SOURCE DATA:
——————

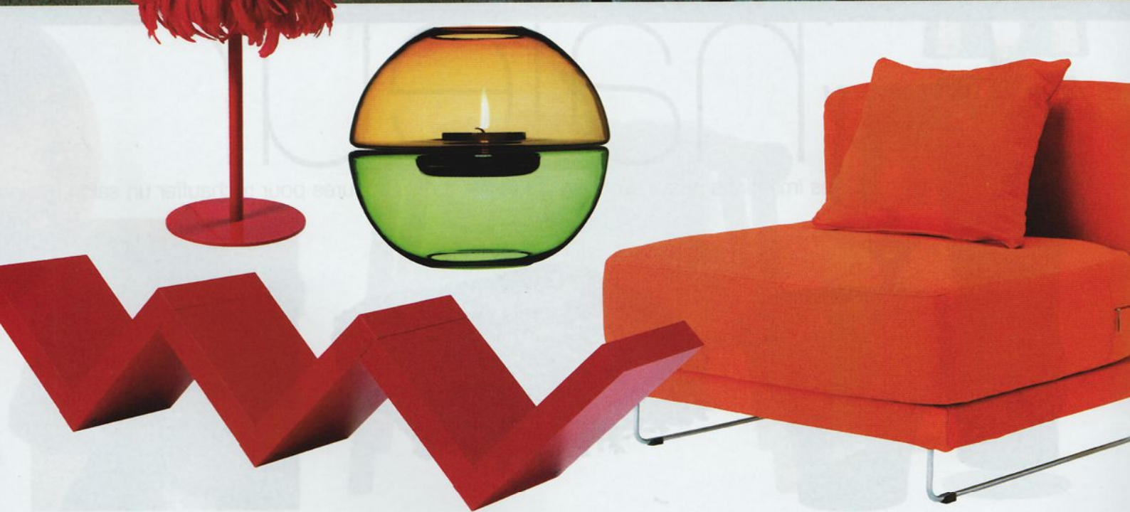
truc en plume. Lampe Bonne Femme , H. 60cm, design Mat & Jewski, 520 €, +Bo. Duo de couleurs. Photophore Planète en verre bicolore, diam. 28 cm, 32 €, design Marie Olofsson, +Bo. Zigzag. Petite étagère Lack , en panneaux de particules de bois, L. 30 x l. 26 cm, 3,95 €, Ikea. Vitaminé. Fauteuil Tylösand , Everöd, 270 €, Ikea.
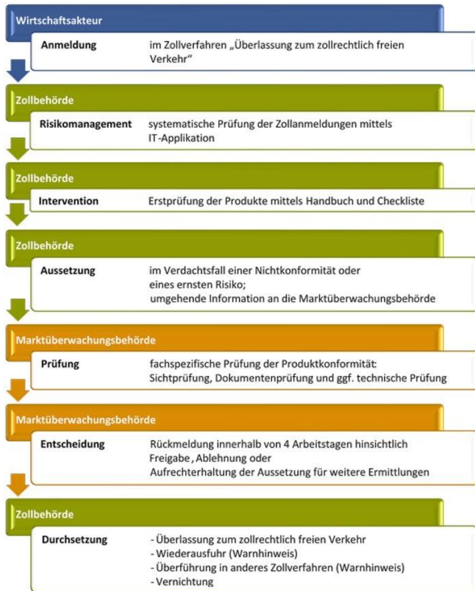
Abbildung 1 Flussdiagramm

Auf europäischer Ebene fördern Leitlinien der Kommission und die geplante Reform des Zollkodex eine strukturierte Zusammenarbeit zwischen Zoll- und Marktüberwachungsbehörden, einschließlich Austausch von risikorelevanten Daten und Durchführung gemeinsamer Kontrollen. National sind Zuständigkeiten und Verfahren klar geregelt, um Verdachtsfälle effizient zu bearbeiten und unionsweit konsistente Standards sicherzustellen.
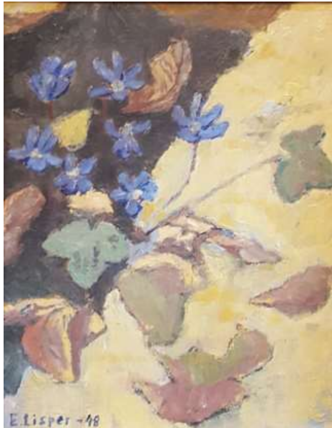
Erik Lisper, Blåsippor Olja 1948, 24 x 19 cm.
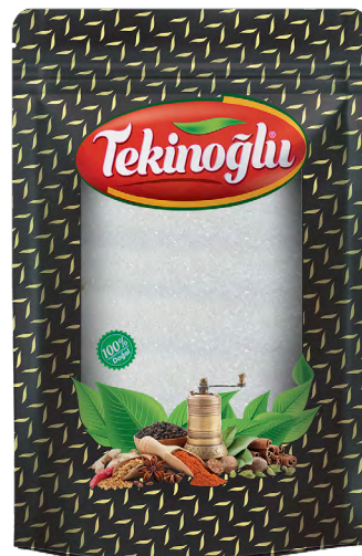
LİMON TUZU / CİDRİD ACID
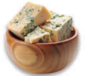
Queso azul Danés
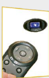
Visioblu en Afstandsbediening S
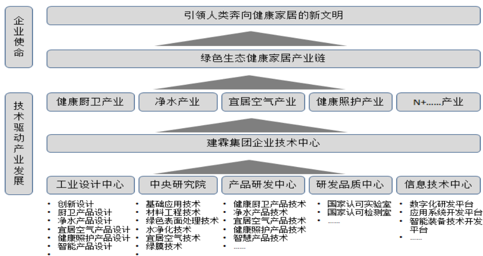
建霖家居技术驱动发展模型图

持续不断的技研创新是公司的核心竞争力，也是推动长足发展的源泉和动力。公司秉持技术驱动发展战略，凭借技术服务整合能力，驱动产品创新及制造发展，满足市场及客户多元化需求的经营模式，持续创新产品和技术，形成以健康、智能、品质为导向的产品体系，以高端化、数字化、绿色化为目标的产业发展，以优质产品与解决方案致力于持续改善大众的生活品质，推动健康家居产业的全面发展。
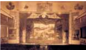
Chacabuco Theater's entrance, c.1929.
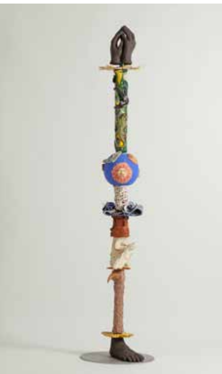
CARLOS PÉ-LEVE S/ TÍTULO cerâmica e vidro, s/ data 650€
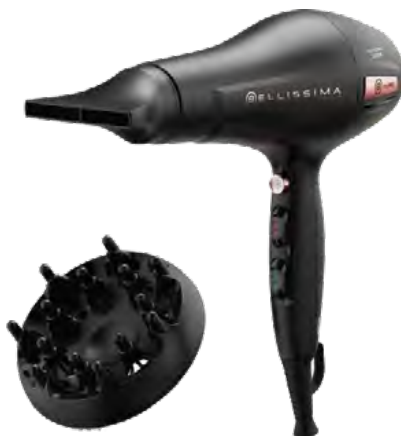
Bellissima P3 3400 myPRO

Σεσουάρ μαλλιών με δυνατό μοτέρ των 2000W. Δημιουργεί μία εξαιρετικά ισχυρή ροή αέρα κάνοντας το στέγνωμα και το φορμάρισμα των μαλλιών σας εύκολο και γρήγορο.
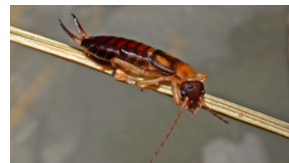
Forficula ruficollis ejemplar hembra de un jardín de Asturias
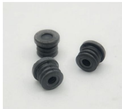
GUARNIZIONI ASTA OLIO
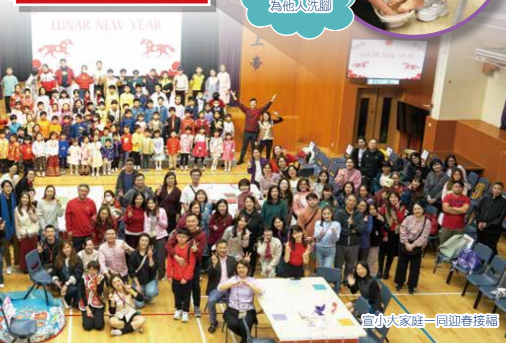
宣小大家庭一同迎春接福

——————

Once the line containing "Forficula ruficollis ejemplar" has been found, write out exactly that line and each one after it through the end of the data, leaving out every picture.

EXERCISE SOLUTION:
Forficula ruficollis ejemplar hembra de un jardín de Asturias
GUARNIZIONI ASTA OLIO
宣小大家庭一同迎春接福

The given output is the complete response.